Flux are by far the deadest underfoot. EST the most natural boardflex. Reflex is decent underfoot flex, but obviously not as much as est.


----------



## kosmoz (Dec 27, 2013)

Just sold my 2014 Capo's, didn't really like stiff alluminum frame, toe caps are comfy, but wear down quickly, at least warranty is great and I got new toe caps to my mail box.


----------



## direride (Aug 6, 2013)

I've been riding Sf's for maybe 4 seasons. 
I just scored capos when i noticed a slice in the ankle strap of my sf's. 

Id rather setup and deal with the Sf's, way simpler.
Id rather ride the capos. Smaller profile, lighter, just as responsive.
There's just A LOT of parts to the capo compared to the SF IMO. 

From a pure riding standpoint, id rather the capo.


----------



## rivermanzito (Jan 19, 2017)

Cool, thanks everyone for the input on the Capo's! I'm going to drop the hammer and pick them up tomorrow. I actually also saw a guy up the mountain yesterday riding them and I interviewed him about them. He said he likes them so much that he gets them off of ebay when he can.


----------



## tropheus (Dec 18, 2017)

Whats the main difference between capo and el hefe except the highback?
Is it woth to get el hefes instead capos?
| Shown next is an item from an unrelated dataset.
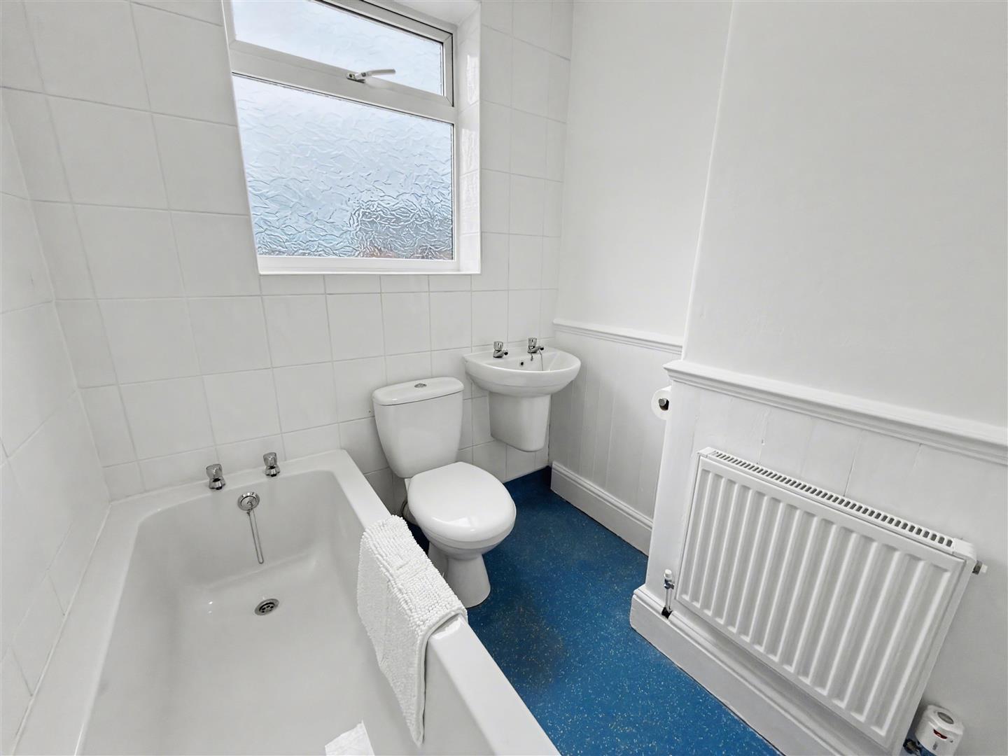 The bathroom is neatly arranged with a white suite including a bathtub, toilet, and wash basin. A frosted window ensures privacy while allowing natural light to gently illuminate the space. The room has a practical layout with tiled walls around the bath area and a radiator for added comfort.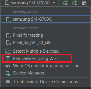 因为你有一个Android 11手机,你可以使用“配对设备使用Wifi”。以这种方式,你可以运行应用程序到你的手机从你的电脑。

I saw many topics about capos and not much about el hefes - is something wrong with them?


----------



## radride (Dec 22, 2017)

Not a pro or anything but in my limited experience, my capos feel very stable and damp even close to 60mph. Haven't tried the others mentioned. Responsive enough to keep me on my feet. I don't really consider the other non-performance related stuff as long as it works.


----------



## F1EA (Oct 25, 2013)

tropheus said:


> Whats the main difference between capo and el hefe except the highback?
> Is it woth to get el hefes instead capos? I saw many topics about capos and not much about el hefes - is something wrong with them?


The difference is the highback.

It's all up to you if it's worth it. If you want a stiff carbon highback, then yes they are worth it. If not, then no.

Also, not hearing much about something doesn't mean something is wrong with them. Why would you think that??


----------



## tropheus (Dec 18, 2017)

I did no mean particularly anything, but I assumed there is something wrong with them as I heard people complaining about footbed screw and the webbing of the toe cap.


----------



## F1EA (Oct 25, 2013)

tropheus said:


> I did no mean particularly anything, but I assumed there is something wrong with them as I heard people complaining about footbed screw and the webbing of the toe cap.


Yeah both the toe cap webbing and the footbed screw is the same as their other bindings; so any complaint would transfer to the Capo and Rodeo as well...

Truth is, ALL bindings have a certain something that some people don't like.


----------



## tropheus (Dec 18, 2017)

I have one more question about el hefe - in 2018 model there is a new ankle strap, is it better (more comfortable, offers better boot support) than in 2017 model?
I mean is it worth to pay extra for the 2018 version or should i get the 2017 one instead?


----------